Exercise prompt>
Could you give the data that follows again exactly, without its pictures?
BEGIN Listed entries
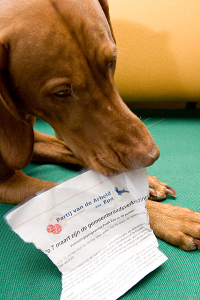 De verkiezingscampagne zit er bijna op. Het wordt tijd om een keuze te maken. Bram meent zich daar ook mee te moeten bemoeien. Hij snaaide een foldertje van de tafel en ging daar driftig mee spelen.
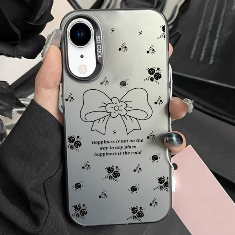 Funda híbrida TPU para iPhone Xr con pintura plateada (Lazo Floral Negro)
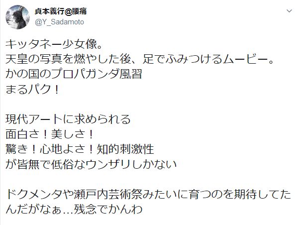 【エヴァ】 貞本義行氏「キッタネー少女像。かの国のプロパガンダ風習 まるパク!」
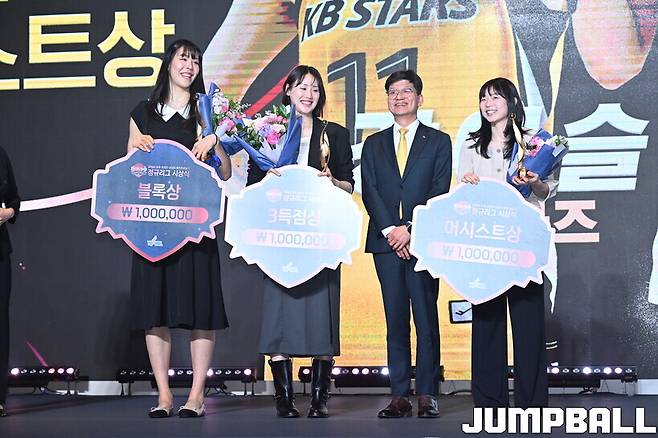 [W시상식] ‘무려 4명!’ 정규리그 우승자 다웠던 KB스타즈 → 통계부문의 주인공으로! 3점상·3점야투상·블록상·어시스트상까지 싹쓸이
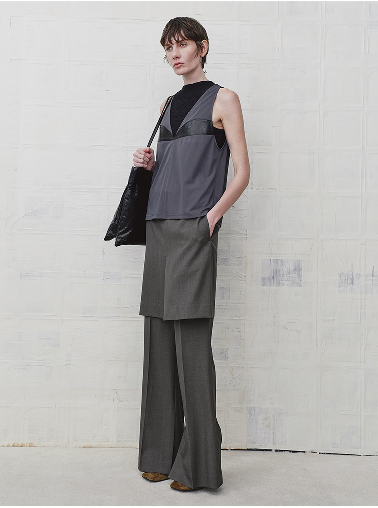 HIDEMI简约设计感v领系带套装 上衣/长裤
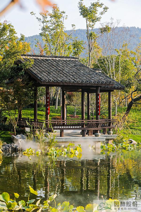植物景观:为紧扣设计主题,选用了适宜当地生长、形态优美且体现杭州特色的植物,包括银杏、金钱松、三角枫、沙朴、乌桕、水杉、桂花、鸡爪槭、山茶等共计150余种(含品种),69个科106个属。通过近自然、群落化的植物配置手法,展示出了杭州师法自然、雅致清丽的植物景观艺术美。虽因疫情影响,本届园博会几经推迟,但时间也验证了园内植物群落的稳定以及可持续发展的理念。
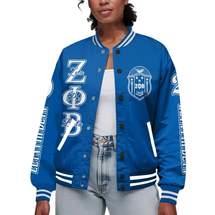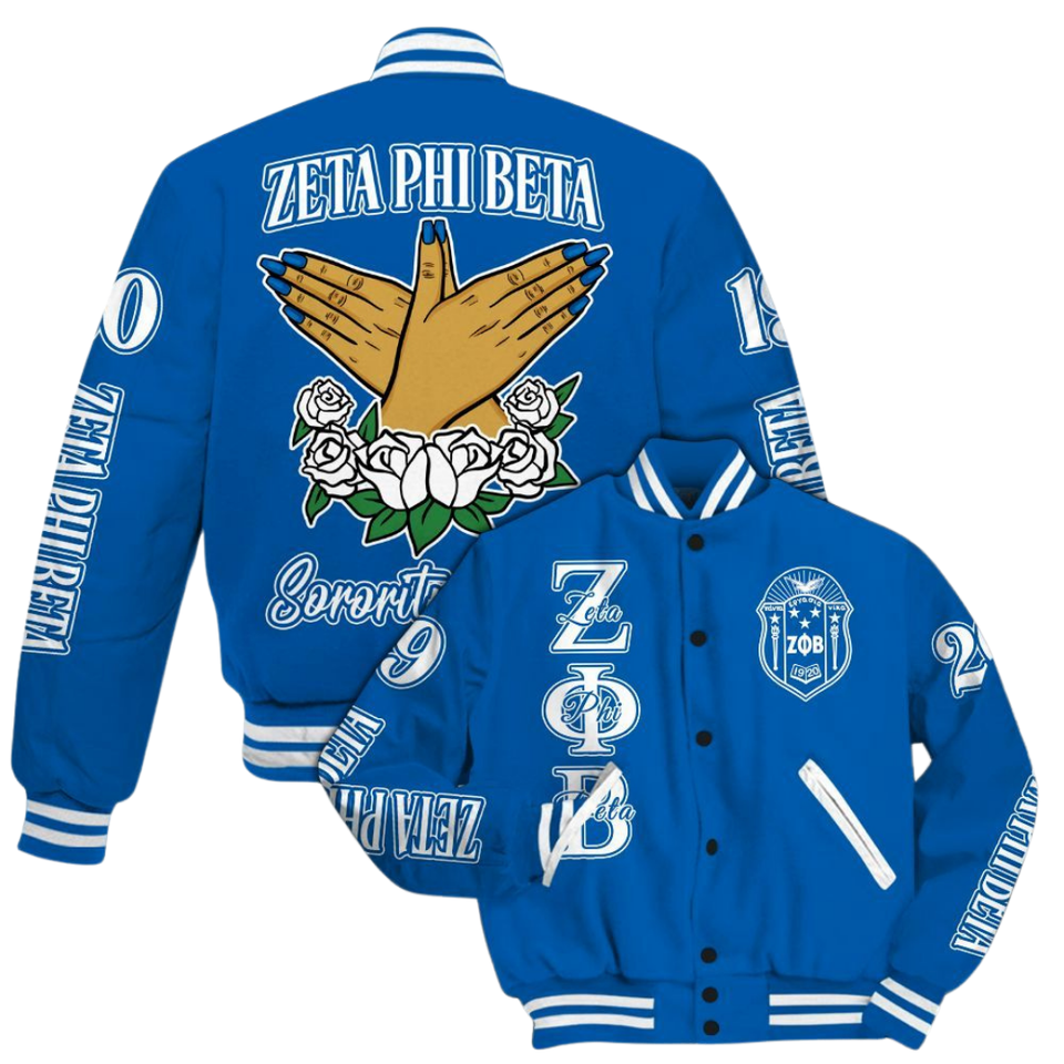 Zeta Phi เสื้อแจ็กเก็ตเจอร์แมน Founders สำหรับ1920รุ่นเบต้าสีฟ้าและสีขาว
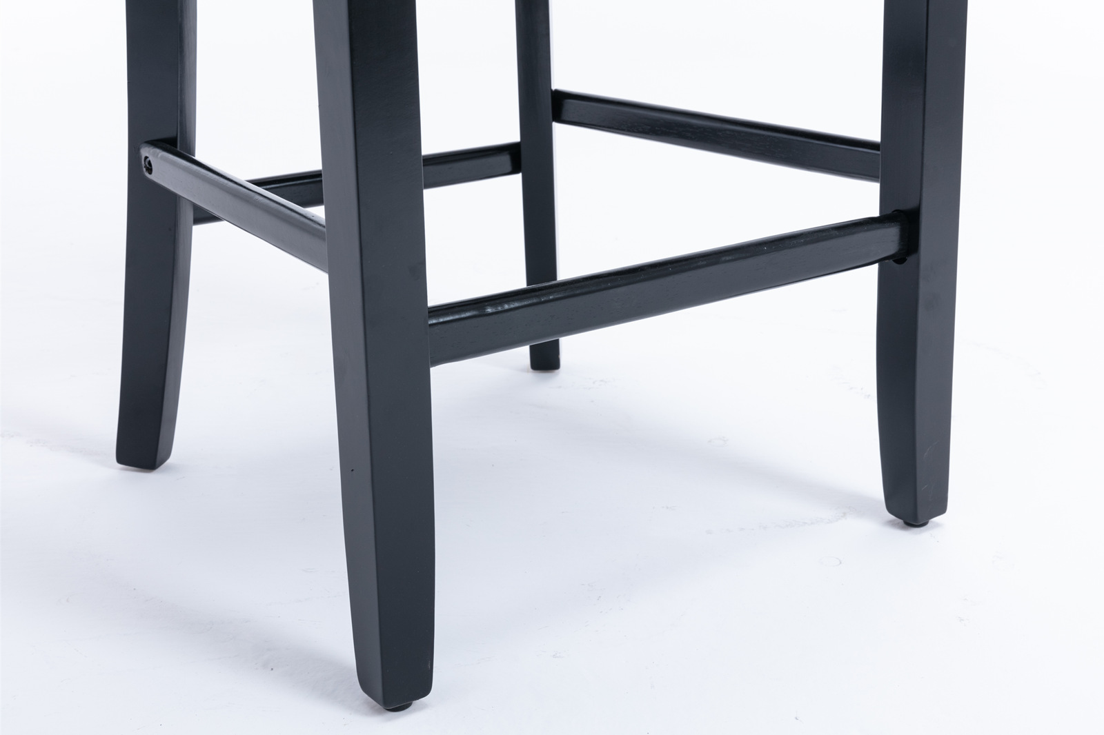 • The bar chair's frame and legs are made of solid wood with enough security to hold up to 300 pounds. Please use the instructions and assembly tool inside the package to complete the assembly. Adjustable pegs on the legs allow you to adjust the height of the legs.
END Listed entries
Exercise response>
 De verkiezingscampagne zit er bijna op. Het wordt tijd om een keuze te maken. Bram meent zich daar ook mee te moeten bemoeien. Hij snaaide een foldertje van de tafel en ging daar driftig mee spelen.
 Funda híbrida TPU para iPhone Xr con pintura plateada (Lazo Floral Negro)
 【エヴァ】 貞本義行氏「キッタネー少女像。かの国のプロパガンダ風習 まるパク!」
 [W시상식] ‘무려 4명!’ 정규리그 우승자 다웠던 KB스타즈 → 통계부문의 주인공으로! 3점상·3점야투상·블록상·어시스트상까지 싹쓸이
 HIDEMI简约设计感v领系带套装 上衣/长裤
植物景观:为紧扣设计主题,选用了适宜当地生长、形态优美且体现杭州特色的植物,包括银杏、金钱松、三角枫、沙朴、乌桕、水杉、桂花、鸡爪槭、山茶等共计150余种(含品种),69个科106个属。通过近自然、群落化的植物配置手法,展示出了杭州师法自然、雅致清丽的植物景观艺术美。虽因疫情影响,本届园博会几经推迟,但时间也验证了园内植物群落的稳定以及可持续发展的理念。
 Zeta Phi เสื้อแจ็กเก็ตเจอร์แมน Founders สำหรับ1920รุ่นเบต้าสีฟ้าและสีขาว
 • The bar chair's frame and legs are made of solid wood with enough security to hold up to 300 pounds. Please use the instructions and assembly tool inside the package to complete the assembly. Adjustable pegs on the legs allow you to adjust the height of the legs.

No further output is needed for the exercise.